* _Task item_:
Only one stretch of the data is wanted: the line containing "Patek Philippe Nautilus", the line containing "Compositions are organized", and every line between them, copied exactly.

* _Data to process_:
((
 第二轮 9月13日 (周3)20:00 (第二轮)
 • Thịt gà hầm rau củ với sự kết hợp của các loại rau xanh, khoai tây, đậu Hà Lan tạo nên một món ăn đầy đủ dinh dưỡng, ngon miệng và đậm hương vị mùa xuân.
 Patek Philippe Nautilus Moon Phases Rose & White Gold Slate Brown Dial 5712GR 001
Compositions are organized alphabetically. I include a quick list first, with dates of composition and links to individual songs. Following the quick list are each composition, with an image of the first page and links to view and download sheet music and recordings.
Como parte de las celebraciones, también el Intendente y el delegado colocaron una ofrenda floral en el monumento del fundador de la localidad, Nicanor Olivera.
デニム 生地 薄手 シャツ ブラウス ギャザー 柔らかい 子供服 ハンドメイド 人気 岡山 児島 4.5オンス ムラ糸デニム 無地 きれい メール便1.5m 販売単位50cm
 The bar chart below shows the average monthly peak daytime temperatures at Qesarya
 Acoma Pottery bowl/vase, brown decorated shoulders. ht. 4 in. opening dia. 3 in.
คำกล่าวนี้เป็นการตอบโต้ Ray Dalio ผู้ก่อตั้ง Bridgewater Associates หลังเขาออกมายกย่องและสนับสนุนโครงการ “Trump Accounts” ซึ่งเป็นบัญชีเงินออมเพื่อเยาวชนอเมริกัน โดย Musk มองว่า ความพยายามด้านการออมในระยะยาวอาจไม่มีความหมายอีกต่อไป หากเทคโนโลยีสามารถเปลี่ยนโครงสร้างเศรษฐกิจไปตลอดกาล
))
((
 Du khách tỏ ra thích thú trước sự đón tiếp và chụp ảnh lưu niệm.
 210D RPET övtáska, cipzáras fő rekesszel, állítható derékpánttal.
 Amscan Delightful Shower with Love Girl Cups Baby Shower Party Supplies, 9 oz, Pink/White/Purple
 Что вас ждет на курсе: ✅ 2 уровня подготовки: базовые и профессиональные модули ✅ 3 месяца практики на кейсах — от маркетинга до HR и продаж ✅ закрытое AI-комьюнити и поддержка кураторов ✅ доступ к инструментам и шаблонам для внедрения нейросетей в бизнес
))
* _Answer section_:
 Patek Philippe Nautilus Moon Phases Rose & White Gold Slate Brown Dial 5712GR 001
Compositions are organized alphabetically. I include a quick list first, with dates of composition and links to individual songs. Following the quick list are each composition, with an image of the first page and links to view and download sheet music and recordings.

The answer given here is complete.